Hamas claims that the various branches of the West Bank’s PA security forces have arrested thousands of the group’s supporters in the past few years. The PA’s refusal to release the detainees, many of whom are being held without trial, has spoiled efforts to end the power struggle between Hamas and Fatah.
Sources close to Hamas said that the threat may have been a “joke” by one of the security officers in Ramallah.
The Hamas government, however, strongly condemned the threat and accused the PA of “endorsing Israeli policies and measures.”
Ehab al-Ghissin, spokesman for the Hamas-controlled Interior Ministry in the Gaza Strip, said the threat “was an indication that what happened to our grandfathers, who were deported from Palestine in 1948,” could repeat itself.
He also pointed out that Israel had deported to Lebanon hundreds of Hamas members in the early 1990s.
“The Palestinian Authority is now endorsing Israel’s criminal policy,” Ghissin charged. “The Palestinian Authority wants to help Israel Judaize Jerusalem and build settlements and deport more Palestinian leaders.”
Ismail Radwan, a Hamas spokesman in the Gaza Strip, warned that Hamas and its armed wing, Izzadin Kassam, “would have no mercy” on the Fatah-controlled security forces in the West Bank.
Addressing these forces, Radwan said, “You must return to the right path and reconsider your ways, because neither the people nor the resistance would have mercy on you.”

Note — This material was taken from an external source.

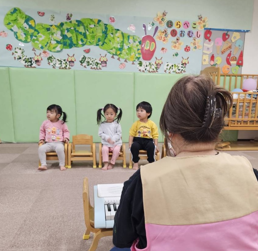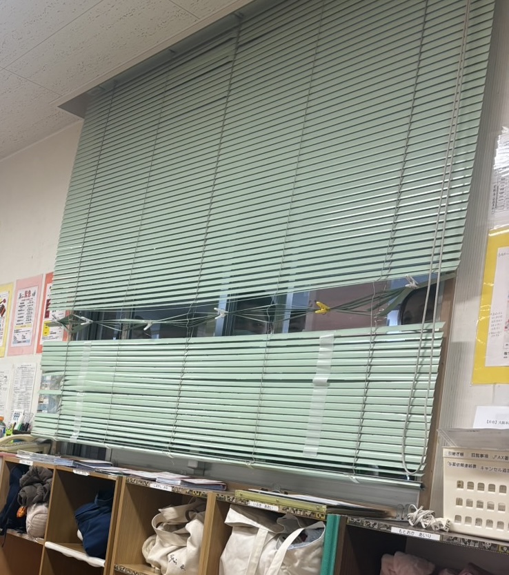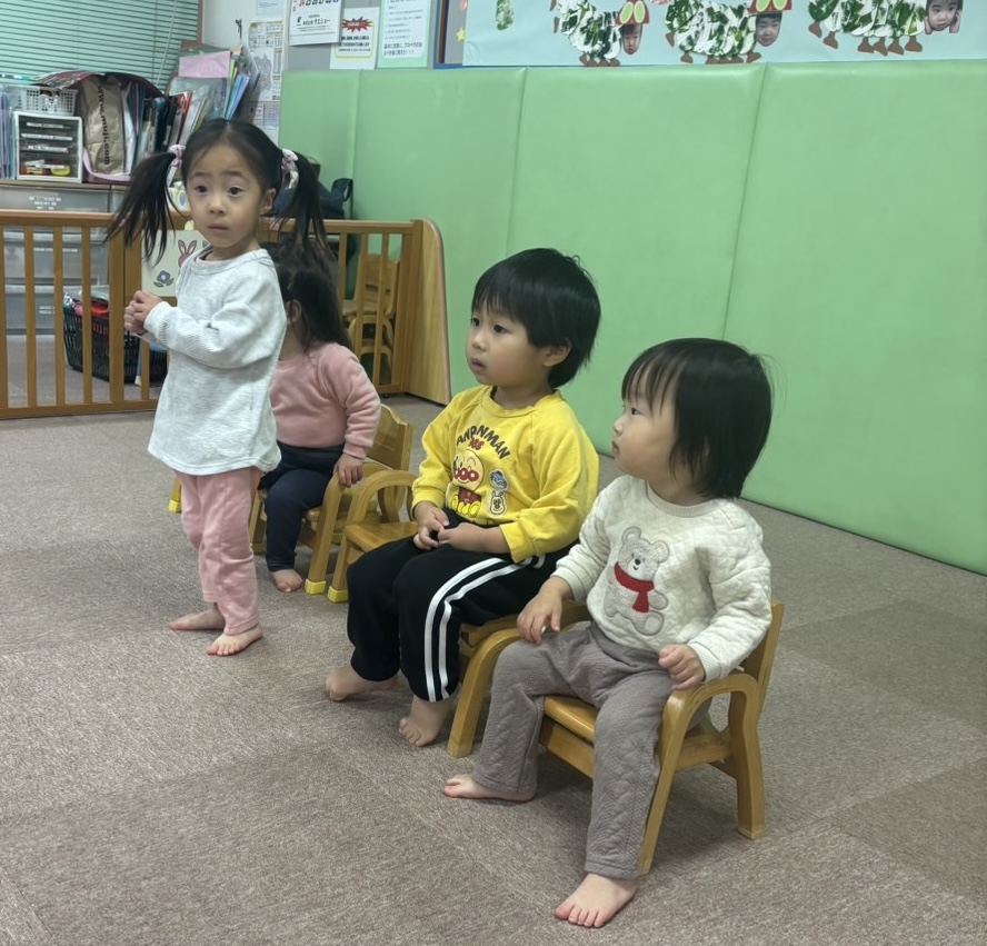 病院内の施設なので感染予防対策が重要であること、低年齢児さんが多いこと、また、初めての参観でお父さんお母さんのお顔を見たら泣いてしまうかも・・・、などの理由から、今回はお部屋の外からブラインドを少し開けて見ていただく形になりました。

Aziz Dwaik, the most senior Hamas official in the West Bank, denounced the deportation threat as an “assault on Islamic and national values and principles.” He said that the threat was “extremely dangerous because it’s the Israeli occupation that was always accustomed to deporting and displacing Palestinians.”
Dwaik added that he could not comprehend “how any Palestinian could threaten a Palestinian with deportation from his homeland.”
He cautioned that such a move would see rival Palestinian parties “enter the phase of breaking each other’s bones.”
Fatah, meanwhile, accused Hamas security forces of arresting 10 top Fatah representatives in the Gaza Strip as of Saturday.
A Fatah spokesman said that the arrests were apparently aimed at preventing the faction from celebrating the 46th anniversary of its creation. He identified the men who were “abducted” by Hamas as Ibrahim Tahrawi, Musa Hils, Tahseen Jabour, Yasser Juaidi, Imad Maslamani, Rami a-Sawisi, Saed a-Sawwaf, Ahmed al- Hawaiti, Amin al-Mughni and Imad a-Nadi.
Last weekend, Hamas also detained Fayez Abu Aitah, the Fatah spokesman in the Gaza Strip, who has been under house arrest since he returned to his home in Gaza City earlier this year.